━━ THE DATA

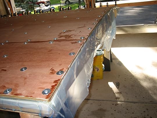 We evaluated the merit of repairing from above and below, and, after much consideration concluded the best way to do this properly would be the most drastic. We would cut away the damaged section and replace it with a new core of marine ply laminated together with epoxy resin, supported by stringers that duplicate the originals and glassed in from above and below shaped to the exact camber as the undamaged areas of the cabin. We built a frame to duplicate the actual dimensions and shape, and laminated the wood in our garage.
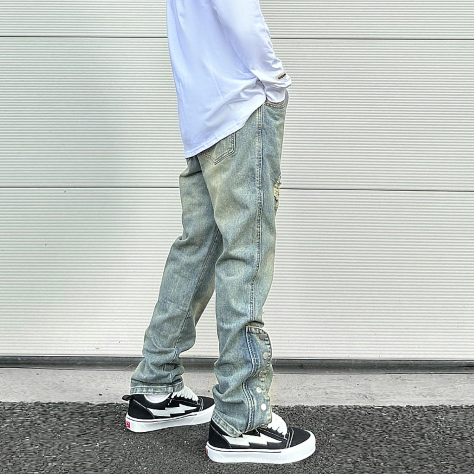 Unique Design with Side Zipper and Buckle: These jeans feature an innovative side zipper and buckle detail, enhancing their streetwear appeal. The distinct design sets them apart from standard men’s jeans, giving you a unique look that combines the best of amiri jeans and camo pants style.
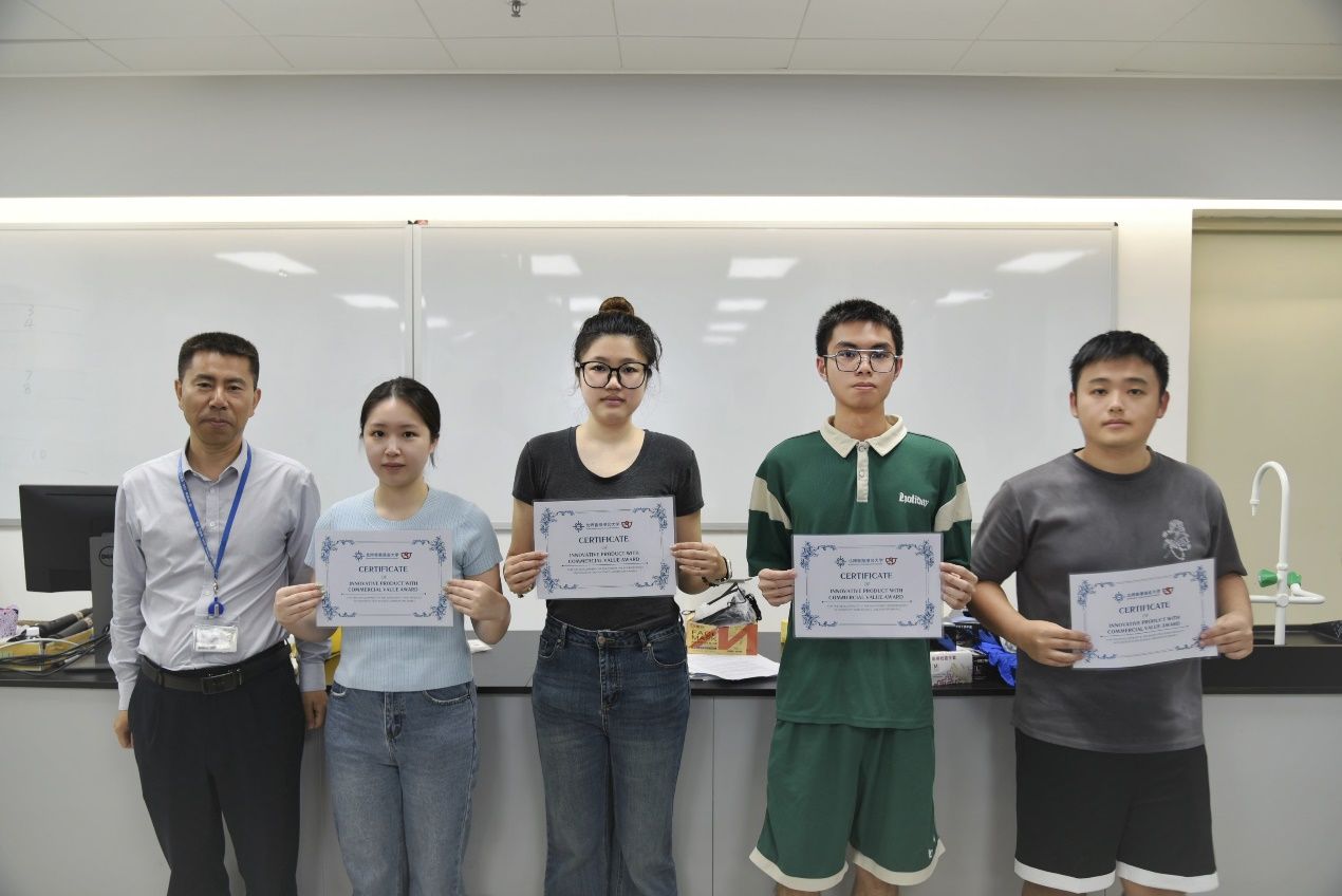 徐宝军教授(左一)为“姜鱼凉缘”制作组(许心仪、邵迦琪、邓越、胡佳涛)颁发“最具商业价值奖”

━━━━

Would you repeat the listing above exactly, minus the images?

SOLUTION TO THE PROBLEM =
 We evaluated the merit of repairing from above and below, and, after much consideration concluded the best way to do this properly would be the most drastic. We would cut away the damaged section and replace it with a new core of marine ply laminated together with epoxy resin, supported by stringers that duplicate the originals and glassed in from above and below shaped to the exact camber as the undamaged areas of the cabin. We built a frame to duplicate the actual dimensions and shape, and laminated the wood in our garage.
 Unique Design with Side Zipper and Buckle: These jeans feature an innovative side zipper and buckle detail, enhancing their streetwear appeal. The distinct design sets them apart from standard men’s jeans, giving you a unique look that combines the best of amiri jeans and camo pants style.
 徐宝军教授(左一)为“姜鱼凉缘”制作组(许心仪、邵迦琪、邓越、胡佳涛)颁发“最具商业价值奖”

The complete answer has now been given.